The environment has not been as big an issue since the acid-rain debates of the mid-1980s.

"The problem, though, is there is a correlation between how well the economy is doing and people's willingness to put the environment on top, but when the economy starts to slide, concern for the environment slides," M'Gonigle says.

"So it's a contradiction, a big contradiction. So being able to take advantage of this particular important window to start some pretty major re-thinking is a big challenge," M'Gonigle says.

During the past two months the environment has moved to the front burner in Canadian politics. Stephane Dion was elected Liberal leader in Montreal in early December, and the environment was the major theme of his leadership campaign.

Prime Minister Stephen Harper responded by appointing a new environment minister, and reinstating environmental programs his government had cancelled earlier.

While M'Gonigle is heartened by all this, he is far from satisfied.

"When you read the papers it's all talk, talk, talk, talk. Not solutions really. Not enough really thoughtful discussion of what do we have to do?" M'Gonigle says.

M'Gonigle has an extensive background in environmental activism.

He was co-founder of Greenpeace International in the mid-1970s. The group's work led to an international moratorium on commercial whaling. M'Gonigle was also a founding co-director of the Sierra Legal Defence Fund.

While he was chair of Greenpeace Canada, M'Gonigle started the Greenpeace forest campaign in 1990.

These days he teaches political ecology and green legal theory at the Project on Ecological Governance at the University of Victoria, a program he recently founded. He has under-grad and graduate degrees in economics and law from the University of British Columbia, the London School of Economics, the University of Toronto and Yale.

When he comes to the University of Waterloo next week for a public lecture, M'Gonigle will draw heavily on a book he published last summer called Planet U: Sustaining the World, Reinventing the University.

All universities can play a much larger role in moving their local regions to more sustainable strategies in transportation, energy and planning, M'Gonigle says.

"The university can be a catalyst for local change. We haven't explored that nearly as much as we could," he says.
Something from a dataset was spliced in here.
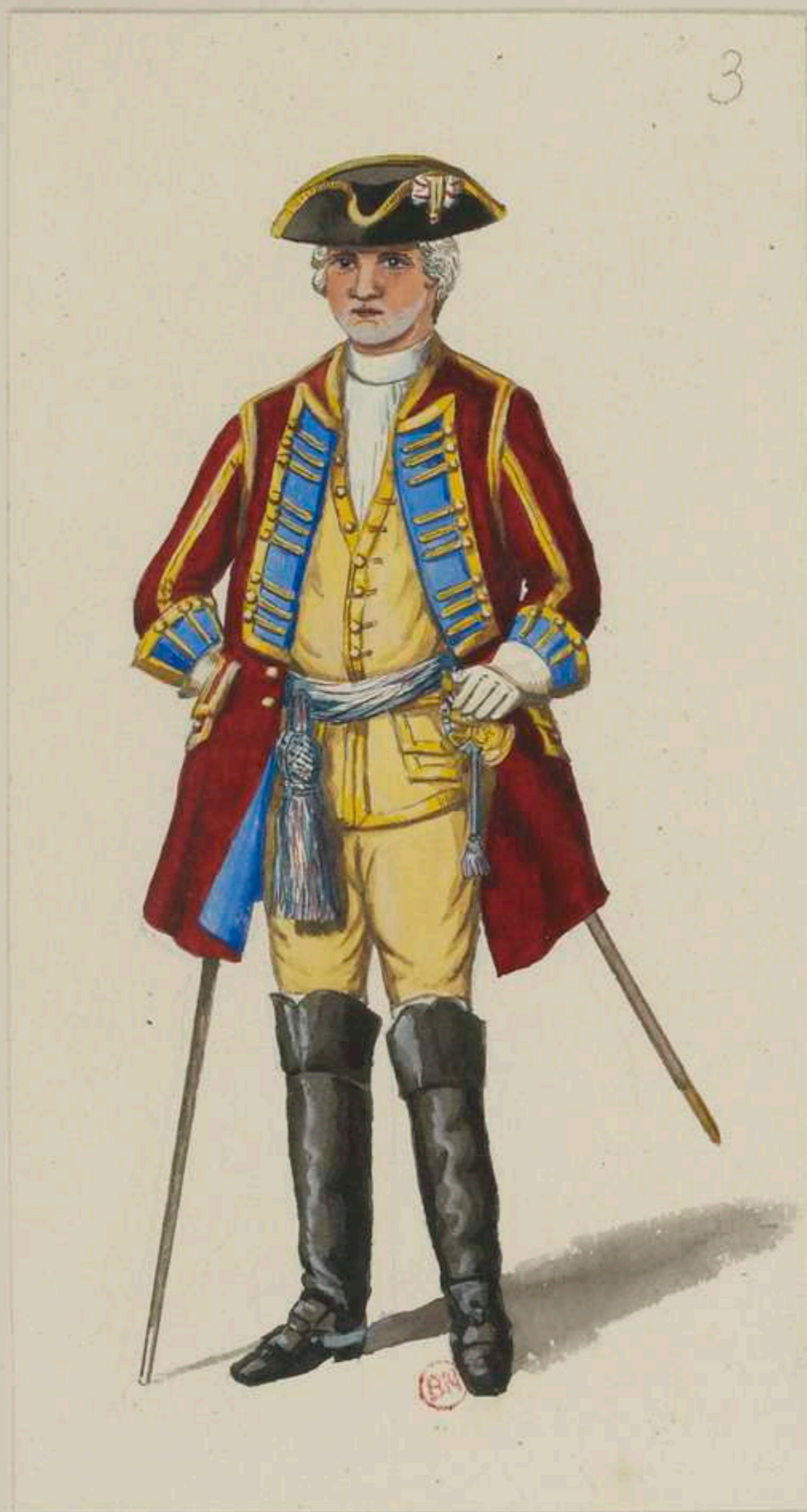
3° - Garde du Corps - Officier - 1734-1738

In March the University of Waterloo will hold a referendum on whether a bus pass for all students will be provided automatically. That would add $41 per semester to their student fees, plus an administrative fee tacked on by the students' union. All involved can expect a rebuke from M'Gonigle, who can't believe the issue is even up for a vote.

"Waterloo doesn't have a bus pass? Are you serious? Oh my God, that's good to know," he says. "They should have bus passes. They should have a sustainability office and a sustainability co-ordinator."

There is a continentwide movement for sustainable universities, and M'Gonigle holds up Yale as an example. M'Gonigle knows that school well, having earned two law degrees there -- a master's and a doctorate.

"Every university should have a vice-president of planning, innovation and sustainability. A vice-president who basically takes direction from the community and brings it into the university. That's the radical type of change I am talking about," M'Gonigle says.

Higher education is the most important industry on the planet, but it is also one of the most unaccountable.
The movement for a sustainable university intends to change that, he says.


Graphic: Submitted Photo; "When the economy starts to slide, concern for the environment slides," Michael M'Gonigle says.

Greenpeace International founder Michael M'Gonigle will speak at the University of Waterloo.
Tuesday, Feb. 6, at 7 p.m.
At the Festival Room, South Campus Hall.
He'll give a lecture called The Planetary University as a Catalyst for Local/Regional Sustainability.